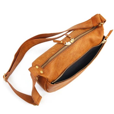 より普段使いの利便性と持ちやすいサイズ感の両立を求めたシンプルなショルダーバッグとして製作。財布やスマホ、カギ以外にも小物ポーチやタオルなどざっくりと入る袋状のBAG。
---
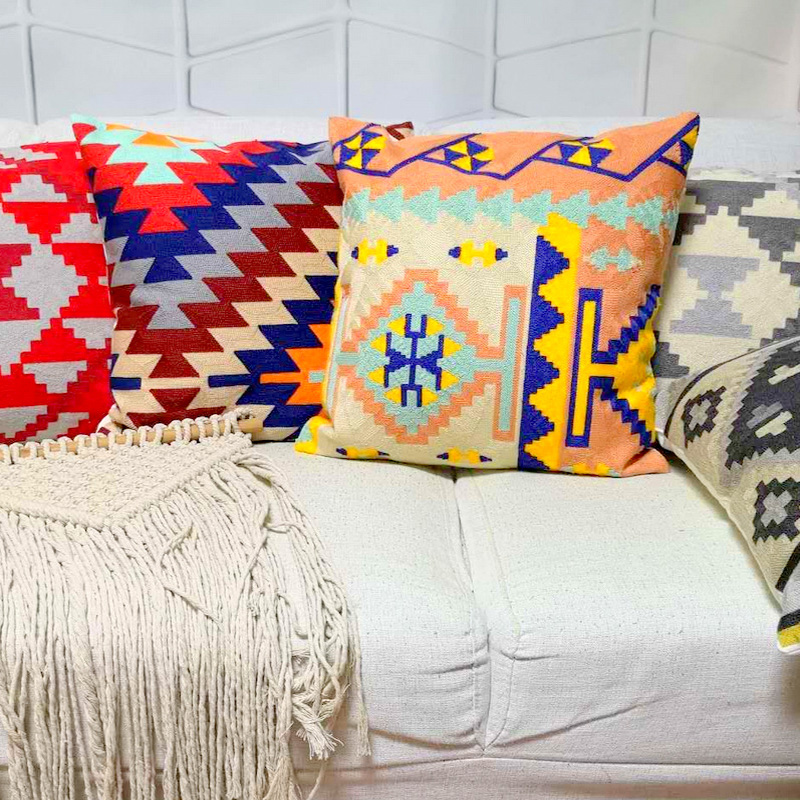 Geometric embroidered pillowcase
...
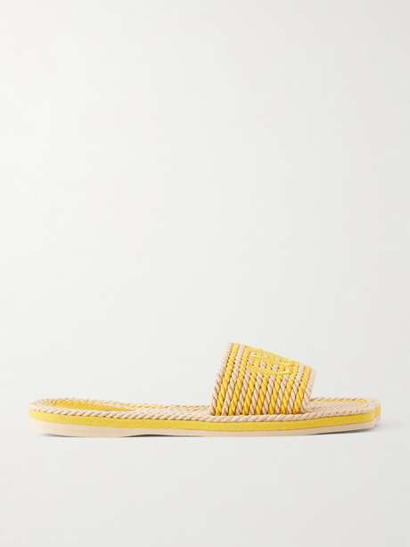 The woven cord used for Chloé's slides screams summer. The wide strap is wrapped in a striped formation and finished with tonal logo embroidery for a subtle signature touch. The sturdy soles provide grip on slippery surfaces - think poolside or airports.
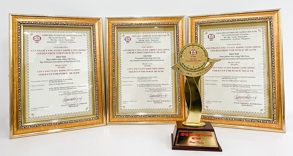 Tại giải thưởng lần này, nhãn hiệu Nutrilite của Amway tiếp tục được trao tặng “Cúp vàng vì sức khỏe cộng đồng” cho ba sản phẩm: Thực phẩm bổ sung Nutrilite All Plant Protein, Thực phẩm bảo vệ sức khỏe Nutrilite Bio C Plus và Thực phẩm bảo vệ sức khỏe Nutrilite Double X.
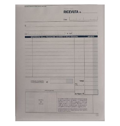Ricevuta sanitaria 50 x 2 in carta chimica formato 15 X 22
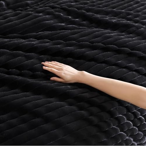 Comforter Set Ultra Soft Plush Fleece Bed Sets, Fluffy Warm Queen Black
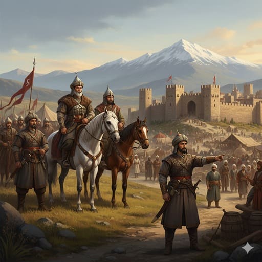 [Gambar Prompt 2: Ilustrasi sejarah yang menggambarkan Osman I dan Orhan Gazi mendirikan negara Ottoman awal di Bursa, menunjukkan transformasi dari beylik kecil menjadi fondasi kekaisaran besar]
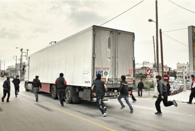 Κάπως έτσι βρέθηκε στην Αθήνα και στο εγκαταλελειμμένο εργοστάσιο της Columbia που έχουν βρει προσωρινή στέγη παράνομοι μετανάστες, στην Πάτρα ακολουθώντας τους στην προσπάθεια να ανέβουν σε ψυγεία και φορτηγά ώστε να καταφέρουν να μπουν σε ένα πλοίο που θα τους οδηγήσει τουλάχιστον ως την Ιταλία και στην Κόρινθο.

▶ _Your objective_: From the records above, output only the lines starting at the one containing "Tại giải thưởng" and ending at the one containing "Comforter Set Ultra", word for word. Pictures stay out.

▶ _Completed exercise_:
 Tại giải thưởng lần này, nhãn hiệu Nutrilite của Amway tiếp tục được trao tặng “Cúp vàng vì sức khỏe cộng đồng” cho ba sản phẩm: Thực phẩm bổ sung Nutrilite All Plant Protein, Thực phẩm bảo vệ sức khỏe Nutrilite Bio C Plus và Thực phẩm bảo vệ sức khỏe Nutrilite Double X.
Ricevuta sanitaria 50 x 2 in carta chimica formato 15 X 22
 Comforter Set Ultra Soft Plush Fleece Bed Sets, Fluffy Warm Queen Black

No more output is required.